Я считаю ошибочным жанровое определение «Героя нашего времени» — роман, им не пользуюсь. Но в толкованиях произведения многое сохраняет цену; на это можно опираться, чтобы идти дальше. Новое определение жанру естественно — книга (цикл повестей). Понятие цикла в науке уже утвердилось, однако по нашему адресу применялось только вскользь. С определением литературного типа посложнее. Мое отношение к принадлежащему в большей степени к истории понятию раздваивается. Задействованное название мне не нравится излишней экспрессивностью, но это не повод отмахиваться от понятия. В трактовке литературного типа как «лишнего человека» накоплено немало ценного. Наш мир создан по диалектике, его нельзя воспринимать односторонним. Активно проработанный в литературе второй четверти XIX века тип складывается под воздействием внешних и внутренних обстоятельств.
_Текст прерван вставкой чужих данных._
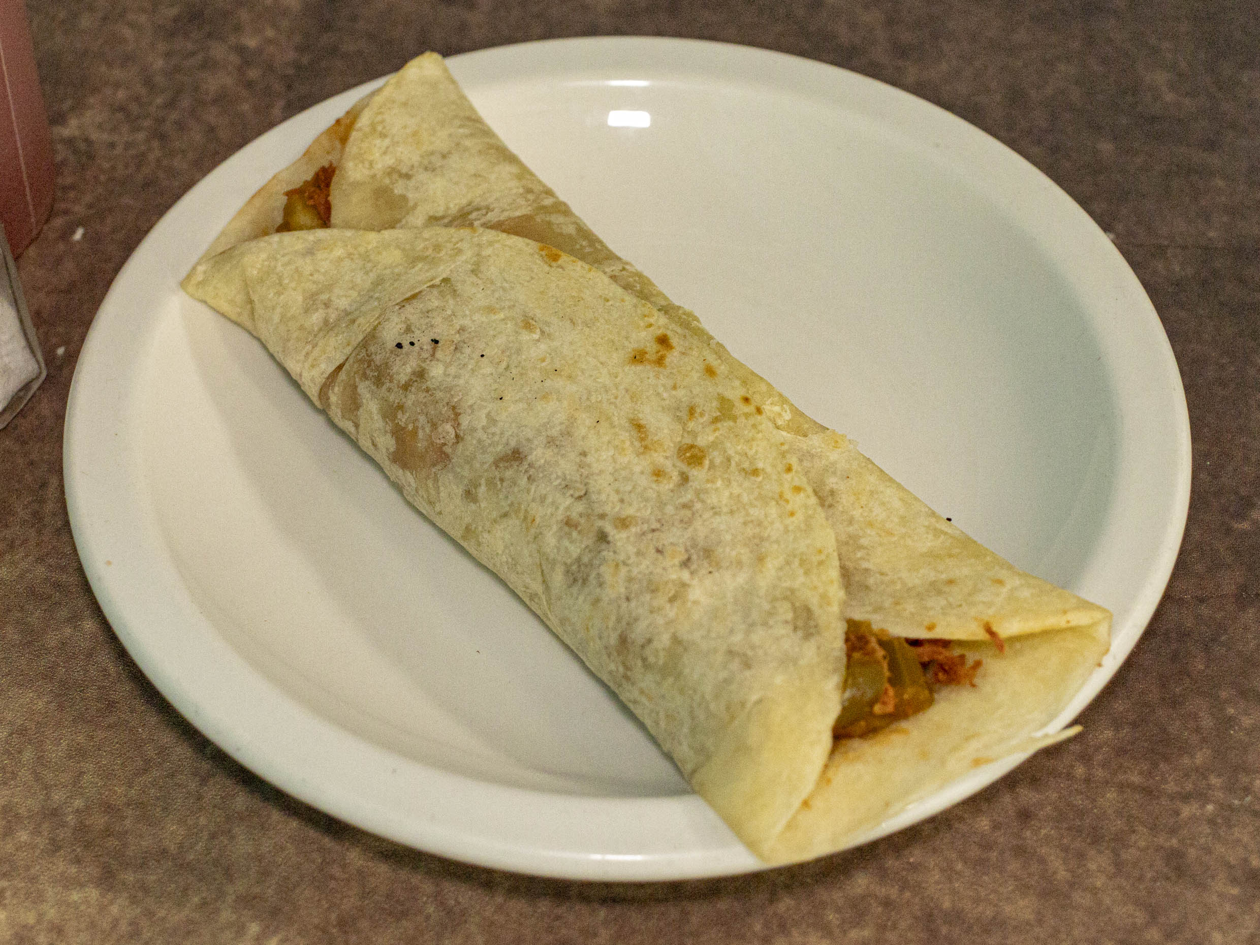 Morrones verdes, cebollas asadas, tomate y queso Monterrey.
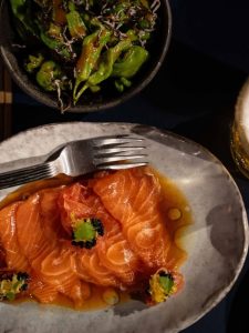 We began with a brilliant mix of delicate and smoky flavours. The Shishito Peppers, fire-flamed and served with soybean paste and seaweed, were smoky, lightly charred, and addictive, offering a pleasant pop of heat without being overwhelming. This was immediately followed by the elegant Salmon Sashimi, which was cured beautifully and elevated by the sharp citrus notes and delicate briny bursts of caviar.
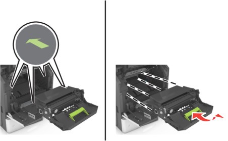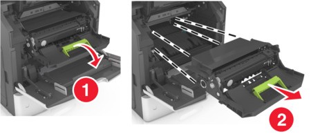 Lift the green handle, and then pull out the imaging unit from the printer.
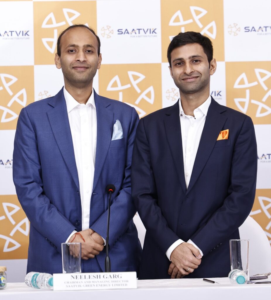 Saatvik 1 (L-R): Management of Saatvik Green Energy Limited – Mr. Neelesh Garg, CMD; Mr. Manik Garg, MD at the press conference to announce the company’s forthcoming Initial Public Offering.
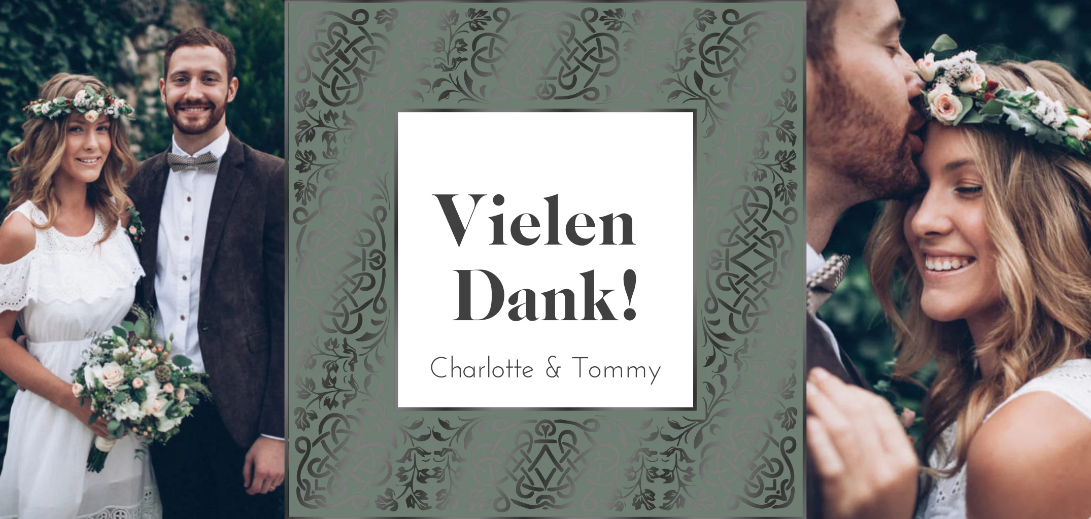 Grüne Danksagungskarte zur Hochzeit mit schwarzem Muster und Fotos
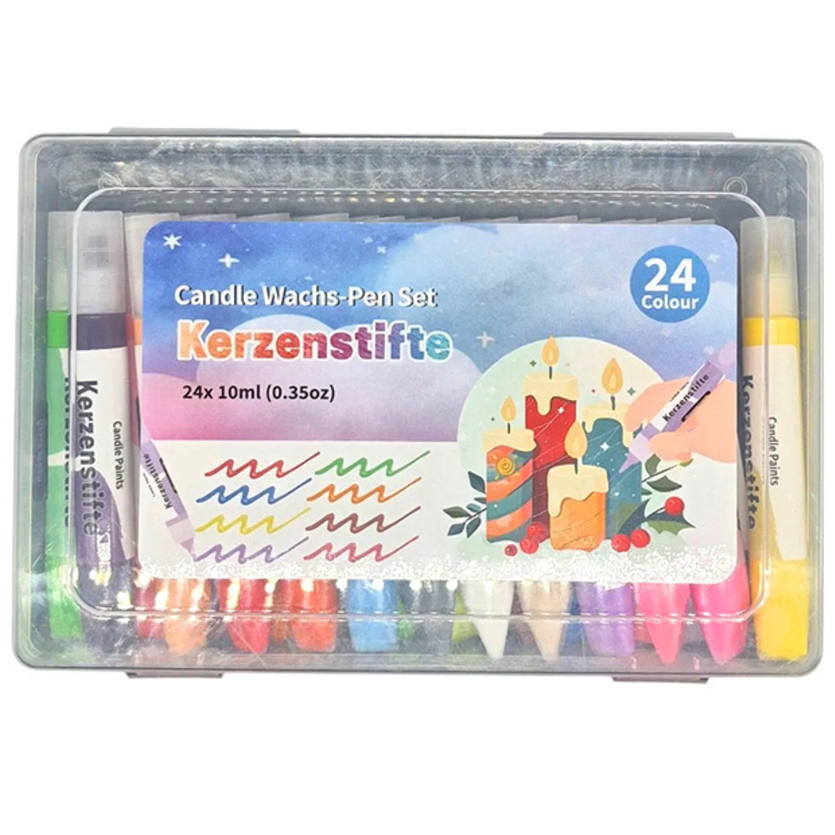 Set de marcadores de cera para velas con 24 colores, diseñados para decorar y personalizar velas de forma precisa y sencilla. Su formato tipo marcador permite escribir y dibujar con control, logrando acabados prolijos y colores intensos.
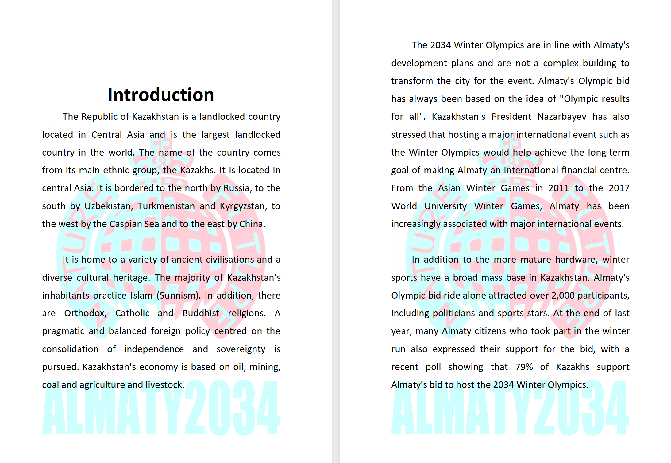 首先,在申办答卷和申办意愿书中,我们展示了阿拉木图申办2034冬奥会的独特优势和模式。2034年冬奥会符合阿拉木图的发展计划,并不是为了赛事而改造城市的复杂建筑。阿拉木图的申奥一直是基于 "人人享有奥运成果 "的理念。哈萨克斯坦总统纳扎尔巴耶夫也强调,举办像冬奥会这样的大型国际活动将有助于实现使阿拉木图成为国际金融中心的长期目标。从2011年的亚洲冬季运动会到2017年的世界大学生冬季运动会,阿拉木图已经越来越多地与重大国际活动联系在一起。
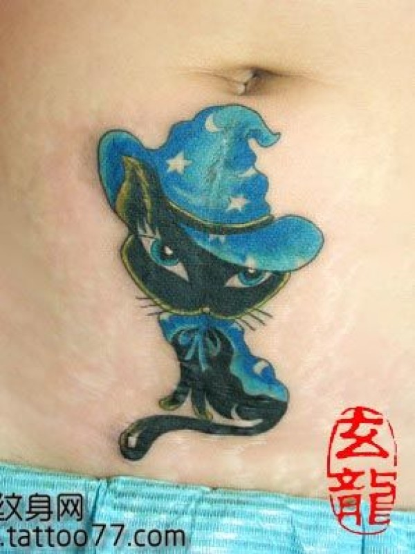 疤痕遮盖腹部猫咪纹身图案_动物纹身图案大全_纹身图吧
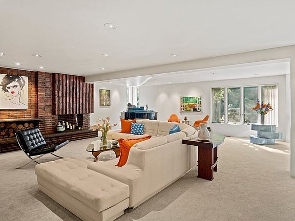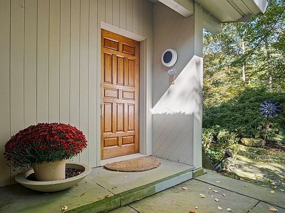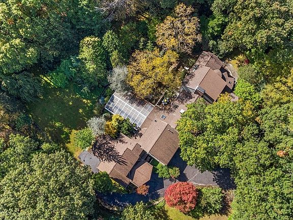 Luxurious mid-century design on 4 private gated & fenced acres w/meandering bluestone pathways in peaceful neighborhood setting! The floor plan provides plenty of open space as well as private family areas, including entertainment-size living room featuring fireplace, exceptional kitchen wi/oversized island, multiple prep areas open to family room w/fireplace. Laundry/pantry provide ample storage. The private primary suite features walk-in closet, sitting area, steam shower & whirlpool tub. Separate wing with 3 FIRST FLOOR BEDROOMS & 1.5 baths. Swim year round in the indoor heated pool w/retractable roof, sauna & changing room w/shower. Relax in the lower level lounge, work from home in one of 2 offices. There’s a library nook, gym, full bath and game room. Substantial workshop or studio & 5 oversized garage spaces. Optional in-law suite offers potential multi-generational living/guest space. Bluestone terraces & decks connects outdoor living to this sought-after property!
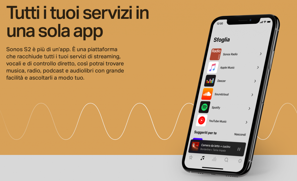 A questo si aggiunga il supporto ad Airplay 2, in questo caso sarà possibile associare il nostro Sonos con Apple TV ed HomePod (qualora lo abbiate) ed altri speaker Airplay 2; gestendo il tutto da iPhone, iPad e Mac con regolazione del volume per ogni singolo speaker. A questo si aggiunga la possibilità di reperire la vostra musica anche dal NAS o altri servizi.

От двусмысленного названия можно (пожалуй, и нужно) отказаться. Только с водой из ванны нелепо выплескивать ребенка. В понимании «лишнего человека» есть полезные наработки, нет надобности от них отказываться. Новое название придумать непросто. Было бы желание; найти приемлемое название можно.
В. П. Даниленко считает человека такого типа главным героем русской литературы. Он включает в перечень 16 (!) персонажей, обозначая и возможность его расширить (и др.). Перечень начинается Чацким, заканчивается Левой Одоевцевым А. Г. Битова. Типу дано и новое наименование: «неприкаянный человек».
«Какого человека мы называем неприкаянным? Человека, не находящего своего подлинного места в жизни. Это не значит, что он безработный или, как говорили в былые времена, “лишний”. Он может оказаться и безработным и ощущать себя лишним в этом мире, но он может быть внешне и вполне благополучным человеком — быть, например, всемирно известным ученым или гениальным писателем >. Не во внешнем благополучии или неблагополучии здесь в конечном счете дело! Неблагополучие неприкаянного человека сидит внутри его души!
Неприкаянный человек ищет, но не находит смысла… Человек поскромнее может уточнить: не о жизни вообще идет речь, а только о моей личной. Личность же помасштабнее может замахнуться и на жизнь человеческую вообще»444
.Такое истолкование типа слишком расширительное. Совсем игнорируется фактор времени и обстоятельств. А название заслуживает поддержки.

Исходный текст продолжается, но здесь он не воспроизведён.